» **BRIEF**: Below are records that contain pictures; transcribe the text exactly and omit the pictures.

[SOURCE DATA]

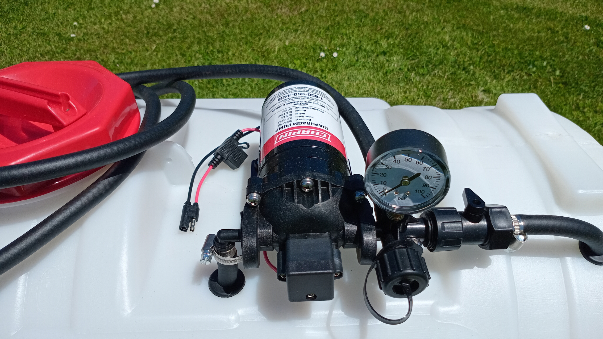 Its translucent tank lets you quickly check liquid levels, while the 8.3 LPM 12-volt diaphragm pump delivers reliable performance and a maximum pressure of 70 PSI (4.8 bar) — reaching an impressive 11.5 m vertical and 8 m horizontal spray distance.
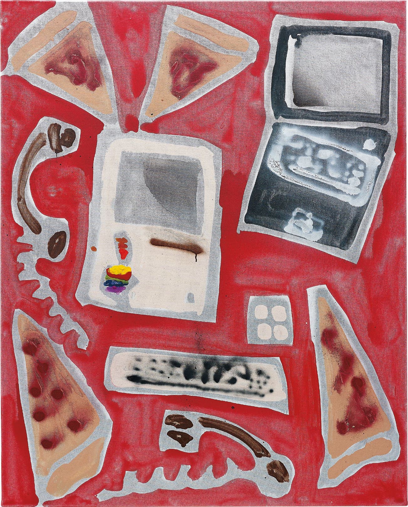 American | 1975Katherine Bernhardt, whether in her paintings or make-shift Moroccan rugs, is rapt by neons and geometries. The artist, who works in New York, takes an almost hasty-flick of a brushstroke that lands as a jagged architectural form — figures cut in space and in buzzing colors that leave a mental trace.
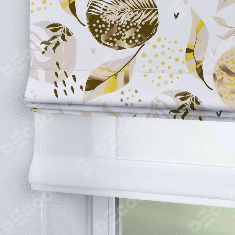 Римская штора день-ночь производителя «Cortin», используется для проёма, пошита из двух полотен, с лицевой блэкаут с нанесением сублимационной печати «Золотые листья», вторая ткань тюль (по стандарту комплектуется тюль белого цвета артикул V-01). Имеет универсальный механизм и подходит для монтажа: на потолок, на стену и в нишу.
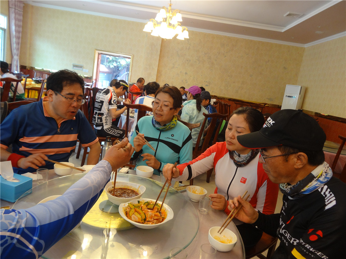 昨天的线路非常舒服,蓝天白云,避免大马路的灰和尾气。上午谭哥从小路带领大家大猫儿垭再到黄土。中午黄土大酒店午餐后,从新北川出发,感受了部分的比赛线路,然后从香水,通口河沿岸一路到九岭回绵阳。全天最短的120公里左右,远点的同学超130公里了。
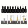 Acest kit extractor de șuruburi din 10 piese are dimensiuni care variază de la 1/8 inch (3,5 mm) până la 13/32 inch (10,3 mm), oferind versatilitate pentru diferite nevoi de extracție. Fiecare unealtă este prelucrată cu precizie, cu duritate specială pentru o utilizare de lungă durată. Marcajele clare de pe fiecare unealtă simplifică identificarea și selecția mărimii, oferind confort în manipularea șuruburilor și șuruburilor de orice dimensiune.
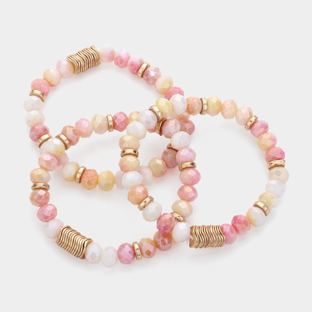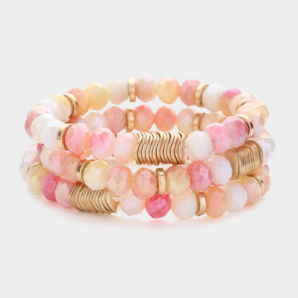 3PCS - Faceted Ombre Beaded Stretch Multi Layered Bracelets
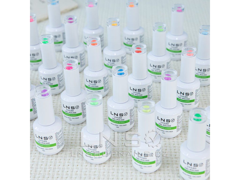 Gel lak LNS Summer Series je profesionální UV/LED gelový lak s jasnými a výraznými barvami vhodnými pro moderní nehtový design. Složení HEMA FREE – TPO FREE zajišťuje vyšší bezpečnost při používání v salonech.
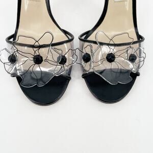 Jimmy Choo Black Saskia 85 Embellished Floral PVC Slip-On Sandal Heels IT 39.5
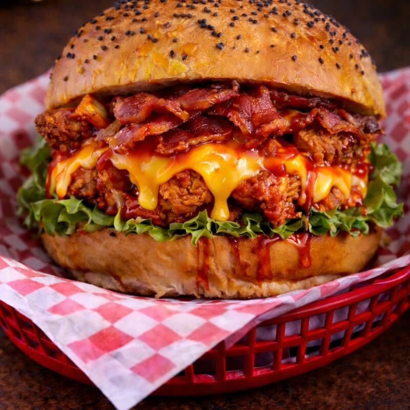 Doble nugget de pollo, pan artesanal a base de mantequilla, queso americano, lechuga, jitomate y cebolla caramelizada.

[/SOURCE DATA]

» **TASK OUTPUT**:
 Its translucent tank lets you quickly check liquid levels, while the 8.3 LPM 12-volt diaphragm pump delivers reliable performance and a maximum pressure of 70 PSI (4.8 bar) — reaching an impressive 11.5 m vertical and 8 m horizontal spray distance.
 American | 1975Katherine Bernhardt, whether in her paintings or make-shift Moroccan rugs, is rapt by neons and geometries. The artist, who works in New York, takes an almost hasty-flick of a brushstroke that lands as a jagged architectural form — figures cut in space and in buzzing colors that leave a mental trace.
 Римская штора день-ночь производителя «Cortin», используется для проёма, пошита из двух полотен, с лицевой блэкаут с нанесением сублимационной печати «Золотые листья», вторая ткань тюль (по стандарту комплектуется тюль белого цвета артикул V-01). Имеет универсальный механизм и подходит для монтажа: на потолок, на стену и в нишу.
 昨天的线路非常舒服,蓝天白云,避免大马路的灰和尾气。上午谭哥从小路带领大家大猫儿垭再到黄土。中午黄土大酒店午餐后,从新北川出发,感受了部分的比赛线路,然后从香水,通口河沿岸一路到九岭回绵阳。全天最短的120公里左右,远点的同学超130公里了。
 Acest kit extractor de șuruburi din 10 piese are dimensiuni care variază de la 1/8 inch (3,5 mm) până la 13/32 inch (10,3 mm), oferind versatilitate pentru diferite nevoi de extracție. Fiecare unealtă este prelucrată cu precizie, cu duritate specială pentru o utilizare de lungă durată. Marcajele clare de pe fiecare unealtă simplifică identificarea și selecția mărimii, oferind confort în manipularea șuruburilor și șuruburilor de orice dimensiune.
 3PCS - Faceted Ombre Beaded Stretch Multi Layered Bracelets
 Gel lak LNS Summer Series je profesionální UV/LED gelový lak s jasnými a výraznými barvami vhodnými pro moderní nehtový design. Složení HEMA FREE – TPO FREE zajišťuje vyšší bezpečnost při používání v salonech.
 Jimmy Choo Black Saskia 85 Embellished Floral PVC Slip-On Sandal Heels IT 39.5
 Doble nugget de pollo, pan artesanal a base de mantequilla, queso americano, lechuga, jitomate y cebolla caramelizada.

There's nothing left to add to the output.